UNIQUE Confinement
Lawmakers acknowledged that the new punishment system only applies to the most serious offenses and obstinate offenders. However, they expressed worries about how it would strike a balance between the need to defend the public and individual freedom.
The new punishment plan aims not only to increase public safety but also to reinforce the incentive for inmates to get their own rehabilitation really, Minister for Law and Home Affairs K Shanmugam told parliament at the beginning of the debate.
With the knowledge that the word they impose under the SEPP is only the least, he claimed it could also lead to magistrates imposing shorter sentences up front.
Lawmakers brought up a number of problems during the conversation:
- An SEPP criminal may be held for existence, and it is unknown when they will be released.
- The Home Affairs Minister, a member of the executive branch, makes the decision regarding the length of detention for SEPP offenders rather than the courts.
- How are criminals going to be evaluated for an SEPP?
- What types of rehab programs may Jimmy offenders be able to access?
The UK’s report on phrases of prison for common protection, a type of indefinite incarceration that was implemented in 2005 and abolished in 2012, was cited by the candidate for MP Usha Chandradas.  ,
According to the report, affected inmates” regularly described mental and emotional deterioration” brought on by the sentence, with self-harm rates roughly twice as high as those serving life sentences.
In light of this, Ms. Usha questioned the type of mental health care and rehabilitation assistance that SEPP offenders and their families would receive.

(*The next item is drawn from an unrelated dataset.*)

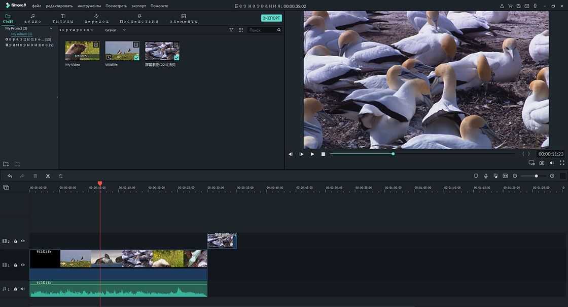 - Экспорт видео в нескольких форматах или оптимизация видео напрямую через YouTube, Facebook, Vimeo и т.д.;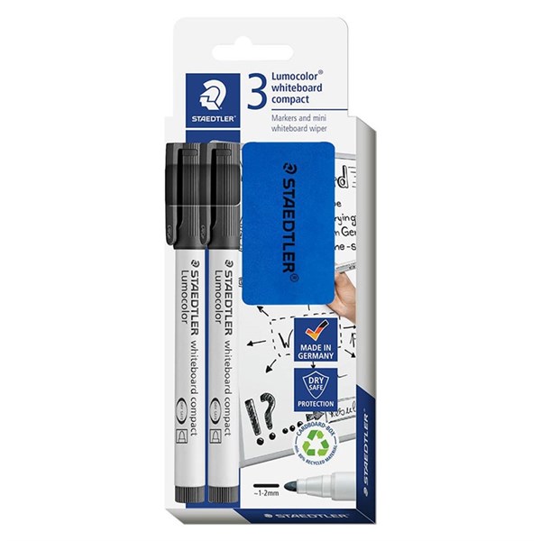 The Staedtler 341-9 set features two black markers and a mini whiteboard wiper, ideal for smaller whiteboards - With a universal tip for 1-2mm line widths, the fast-drying, low-odour ink wipes clean from surfaces like glass

Ms. Rahayu said the selection being made after the court’s maximum sentence is unique in response to concerns that the executive, not the judiciary, decides on additional detention.
She stated that the extended detention of the criminal after that point, after the term has passed, is no longer done to punish the offenders but rather to safeguard the general public.
It “involves a sophisticated assessment of numerous factors, including the offender’s potential for reoffending, his behavior while incarcerated, and his prospects for rehabilitation.” This should be an executive decision, according to a natural and principled method.
She claimed that in some circumstances, the ruling might get up for judicial review.
According to Ms. Rahayu, the Home Affairs Minister now makes the decision regarding earlier launch in the cases of remedial training, precautionary detention, and life imprisonment.